Work order: Your output should be exactly the lines from the one containing "Mjölkpropaganda, utdelning av" through the final line of the following data, please, with no pictures.

Data below:
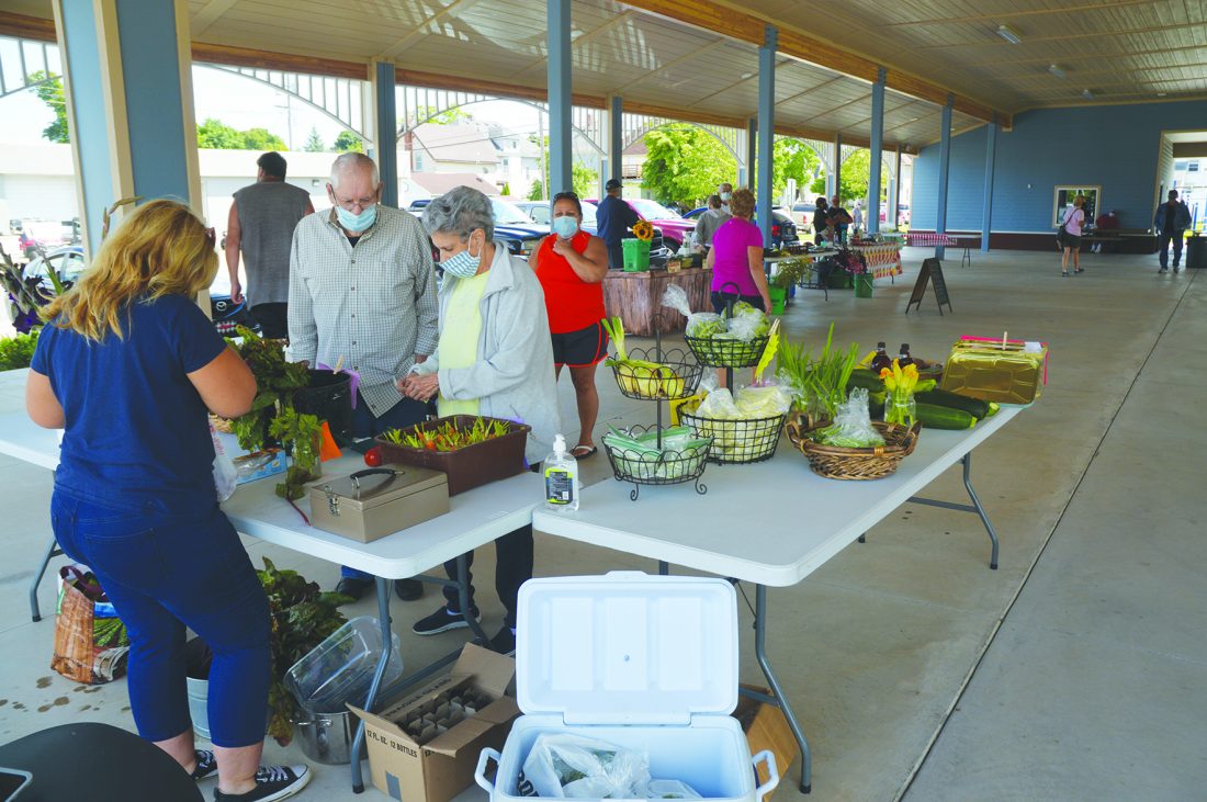 Daily Press photo Shoppers gather at the Escanaba Farmers Market on Ludington Street earlier this year. The market plans to remain open through the end of October. The market is open Wednesdays from 3 to 6 p.m. and Saturdays from 9 a.m. to noon.
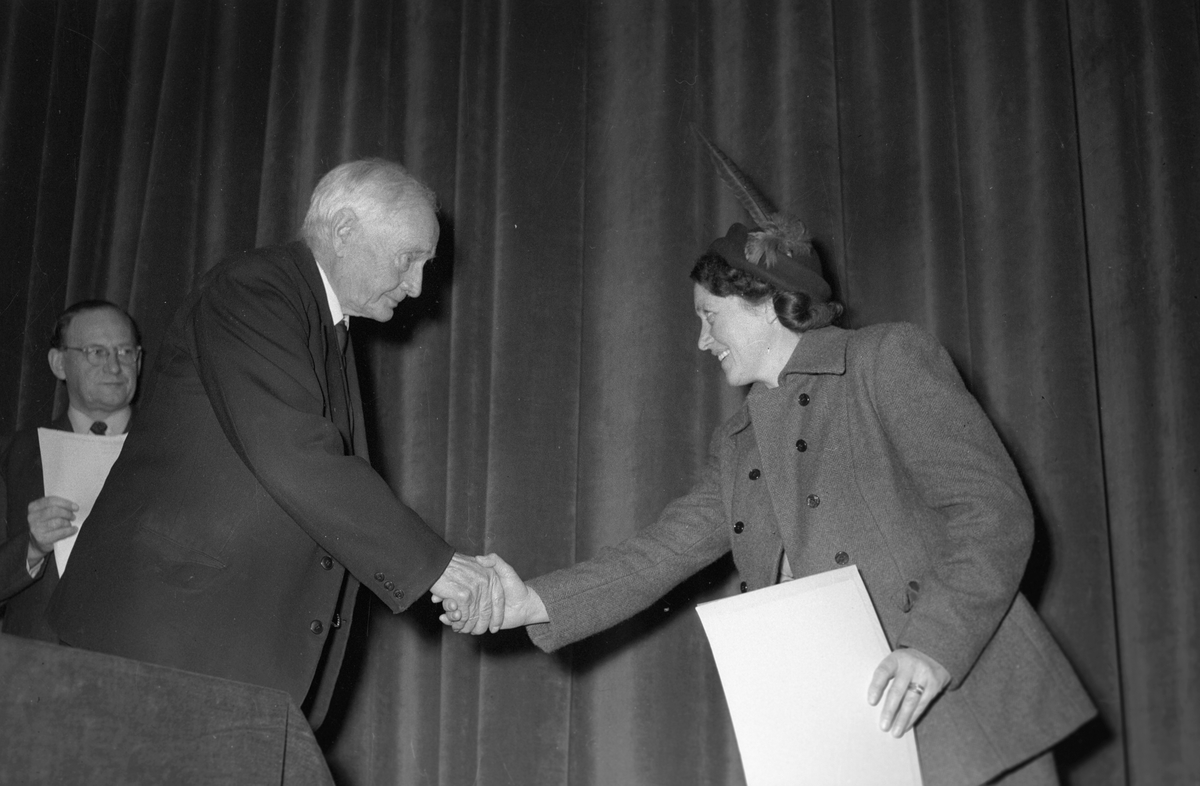 Mjölkpropaganda, utdelning av diplom på stadshuset. 16 november 1949.
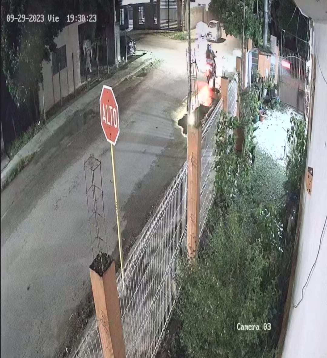 Como se muestra en las imágenes captadas por una cámara de seguridad, el conductor de un vehículo rozó el triciclo pensando, quizás, que su vialidad era prioridad.

Result below:
 Mjölkpropaganda, utdelning av diplom på stadshuset. 16 november 1949.
 Como se muestra en las imágenes captadas por una cámara de seguridad, el conductor de un vehículo rozó el triciclo pensando, quizás, que su vialidad era prioridad.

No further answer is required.